## 1. Business Understanding

### Project Background
Film production is a high-risk, capital-intensive industry. For a new movie studio, selecting projects with strong financial performance is essential to minimizing risk and ensuring sustainable growth.

### Real-World Problem
The studio needs to decide which films to produce by identifying those with:
- High global gross profit and efficient budget utilization (high ROI).
- Favorable trends in market performance over time.
- Successful genres and proven talent (directors and actors).

### Stakeholders
- **Studio Management & Investors:** Require data-driven recommendations to allocate resources effectively.
- **Production Teams:** Benefit by focusing on film attributes that historically correlate with success.

This analysis provides a clear roadmap, enabling stakeholders to make informed decisions that address a real-world business challenge.


## 2. Data Understanding

### Data Sources
1. **Movie Budgets Data:**  
   - Contains production budgets, domestic and worldwide gross revenue, and release dates for films (post-2000).
   - Offers insights into financial performance.
   
2. **IMDb Data:**  
   - Provides film metadata including ratings, runtime, genres, and details about key personnel (actors, directors, etc.).
   - Comes from a SQLite database (and a supplemental CSV) that enriches our analysis.
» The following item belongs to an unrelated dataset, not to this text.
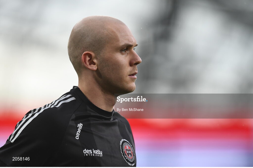 3 August 2021; Georgie Kelly of Bohemians before the UEFA Europa Conference League third qualifying round first leg match between Bohemians and PAOK at Aviva Stadium in Dublin. Photo by Ben McShane/Sportsfile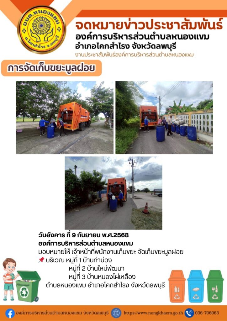 วันอังคาร ที่ 9 กันยายน 2568 องค์การบริหารส่วนตำบลหนองแขม มอบหมายให้เจ้าหน้าที่พนักงานเก็บขยะ จัดเก็บขยะมูลฝอย บริเวณ หมู่ที่ 1 บ้านท่าม่วง , หมู่ที่ 2 บ้านใหม่พัฒนา และหมู่ที่ 3 บ้านหนองไผ่เหลือง ตำบลหนองแขม อำเภอโคกสำโรง จังหวัดลพบุรี

### Data Properties and Relevance
- **Temporal Coverage:** Films released from 2000 onward.
- **Key Features:** Budget, revenues, profit, ROI, runtime, genres, cast/crew details.
- **Utility:** The financial data combined with IMDb metadata allows us to identify trends and evaluate the efficiency of budget usage across films.
- **Limitations:** Early encoding issues and missing values have been handled during data preparation to ensure data reliability.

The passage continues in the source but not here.